Industry insiders including Philip Green and Donatella Versace love Christopher Kane, the designer who at just 27 has already taken the fashion world by storm. This show illustrated a new angle on the label, with gingham and dainty florals heading him off in a whole new – much softer – direction. Expect the high street next summer to be filled with Kane-inspired pieces such as cropped tops, slashed-to-the-knee skirts and flirty paneled dresses and skirts in honeys, pinks and creams.
Say goodbye to 80s fashion references. If LFW is anything to go by the two new decades to plunder are the girly 50s and grunge from the 90s. Sugary pastels, rockabilly denim and Doris Day checks were seen at 28 12, Paul Costelloe and Christopher Kane, while Topshop was heavy on the surfer-dude and Nirvana 90s references. Meanwhile cutesy polka dots and Minnie Mouse bows formed the foundation of the Luella show.
Forget cocoon and body con. The new shape for summer 2010 is triangular, with diamond shaped skirts and dresses everywhere from Peter Pilotto, Paul Costelloe, Antonio Berardi and Jonathan Saunders.
While prints and colour blocking were huge at LFW, delicate hues of nudes, pastels and neutrals are still coming through for next summer, and at John Rocha this was especially pertinent. Think giant rose petals on pastel tones mixed with skin leggings, puffed shorts, clompy wooden heels and mad Aunty Batty hats. Fab!
This was LFW's hottest ticket and it didn't fail to impress. Classic skinny armed trenches fashioned in so many ways, ruched leggings, draped tops, knots on shoes, dresses and tops and the biggest news of all?
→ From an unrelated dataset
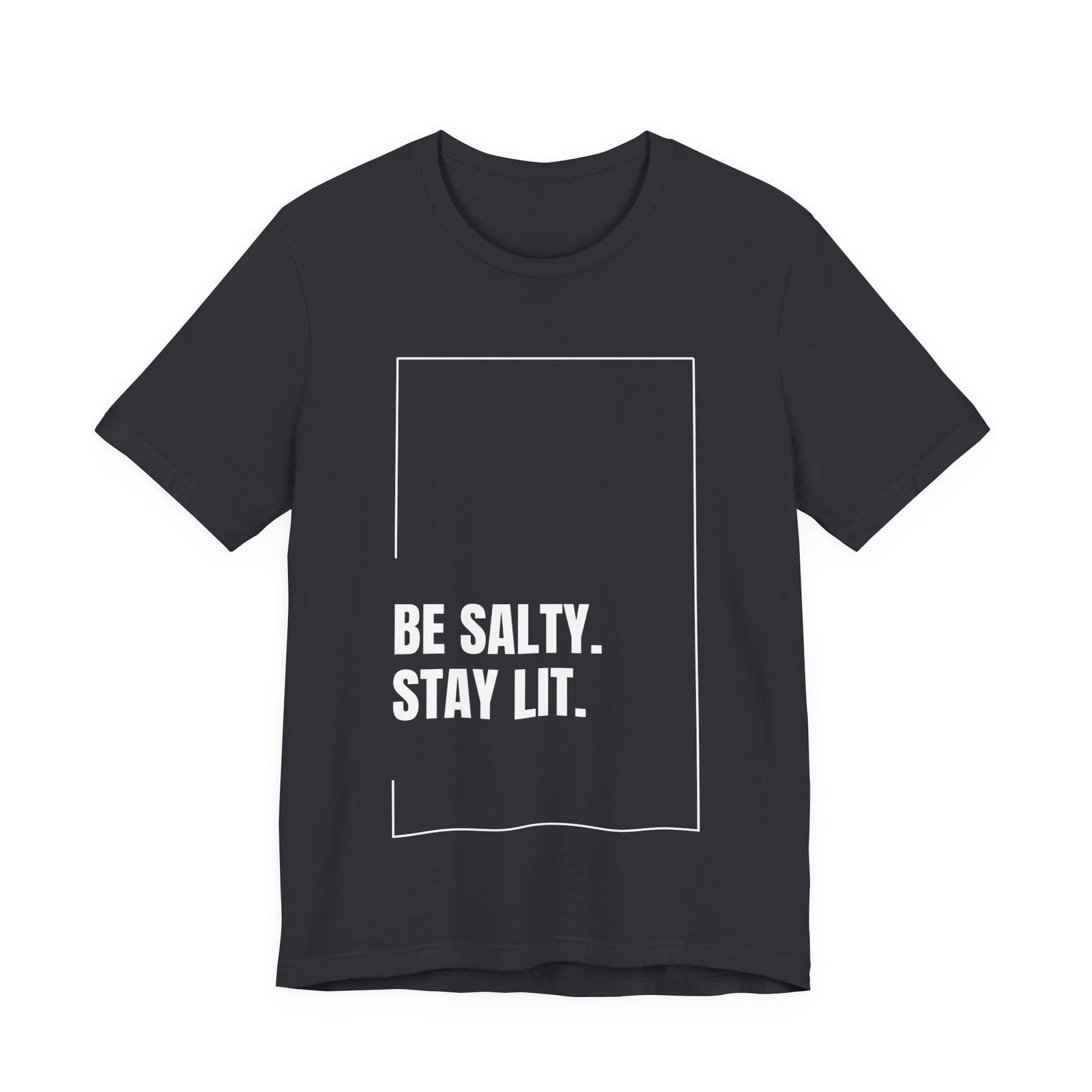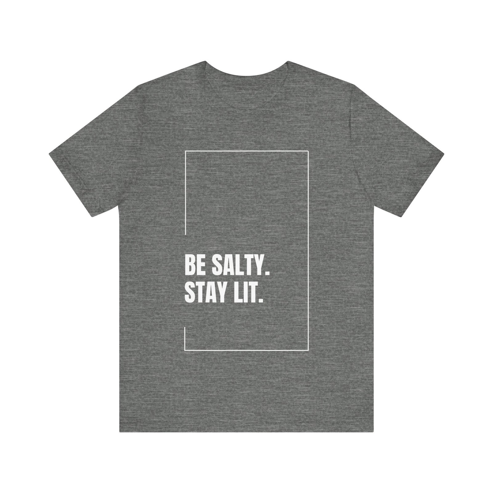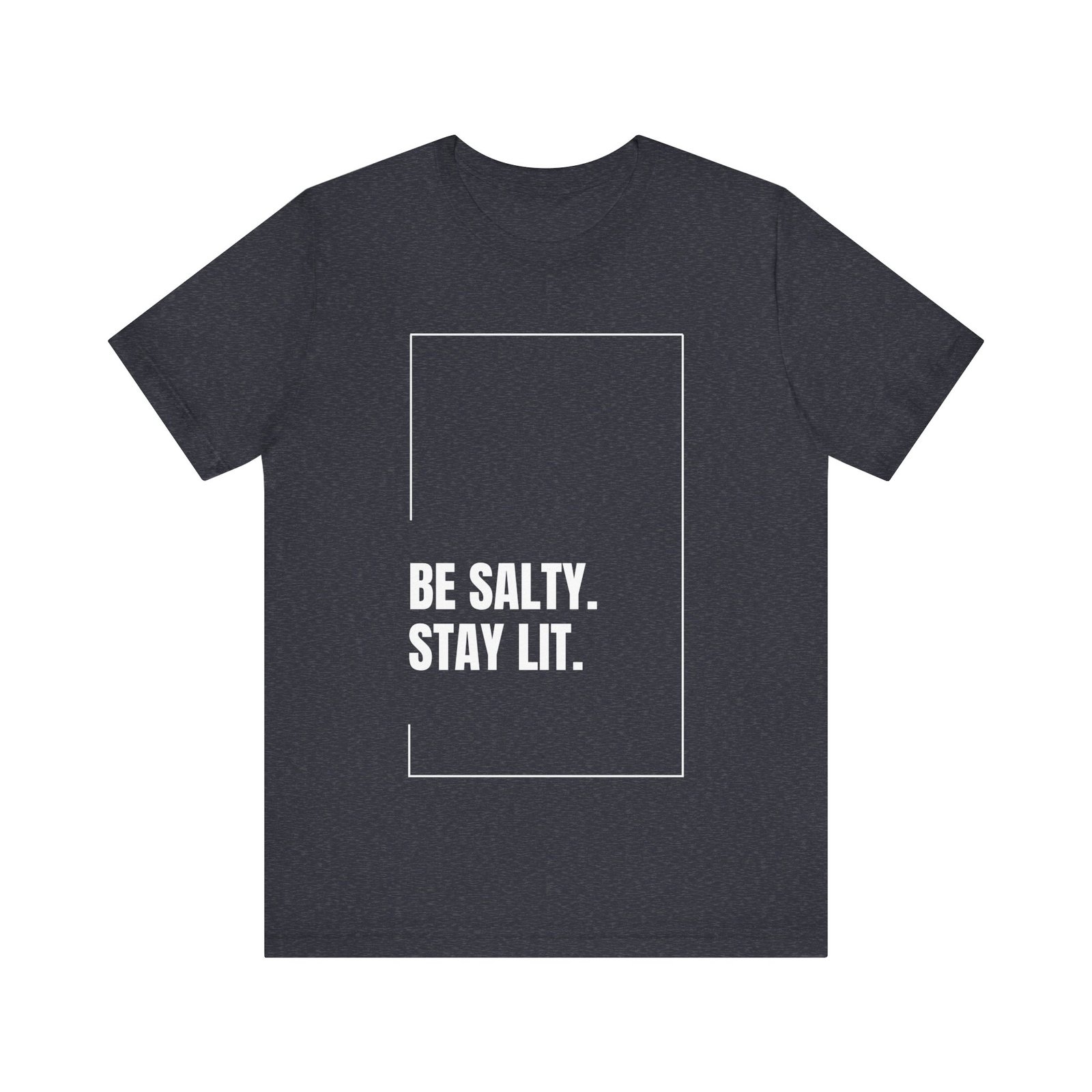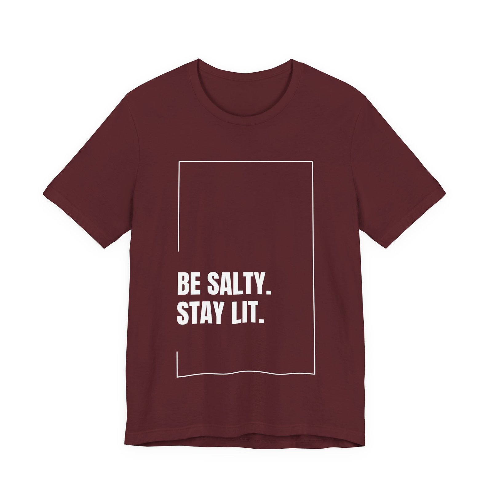 Spread joy and truth with this bold “Be Salty. Stay Lit.” Christian graphic tee! Inspired by Matthew 5:13-14, this Bella + Canvas unisex shirt is a modern take on the call to be “the salt of the earth” and “the light of the world.”

The Chav-tastic Burberry check made its comeback on their new 'Sling' bag.
Designers such as Basso and Brooke, Peter Pilotto and Erdem, known for their sexy out-there prints and amazing colour combinations, were right on the pulse again this season showing all sorts of influences, from classical Japanese gardens to neo-pop and psychedelia. Of particular note were Basso and Brooke's digital printed tailoring and Peter Pilotto's faint snakeskins and painterly patterns. Pilotto is a designer whose star is rising. Expect High Street versions of his figure-loving dresses everywhere next summer as well as a good representation of the designer in Brown Thomas. "I've been watching him for a while and out of all the shows I saw, he was definitely my personal favourite," says Shelly Corkery, head buyer at Brown Thomas.
London's Swinging Sixties first brought mini skirts to the fore, so its no surprise that minis – in the form of skirts, shorts and playsuits – were all over the catwalks for next summer. Josh Goot did mini bodycon, Luella mini shorts and even Temperly (usually quite a 'safe' label) were showing mini dresses, but Burberry's tiny trenches and thigh short skirts were most sexy and notable.
As newly appointed designer for Halston next season, all eyes were on Marios Schwab who showed a romantic, yet edgy, collection of pieces which looked like they had been pulled apart and sewn back together. So much less about the body con than before, not sure if this will take off quite as much. A puffy skirt over nappy pants in sheer silk anyone?
Sheers, nudes and frosted pastel tones were shown everywhere from Burberry to John Rocha this week, although the good news for fair Irish skins is that you don't need a tan to wear them. Designer ingénue Jonathan Saunders based his whole collection on Swedish vampire flick 'Let the Right one in' – with pale snowy white models wearing organza shift dresses, some with flashes of chartreuse green and paint-spash blues. Beautiful and astonishingly wearable.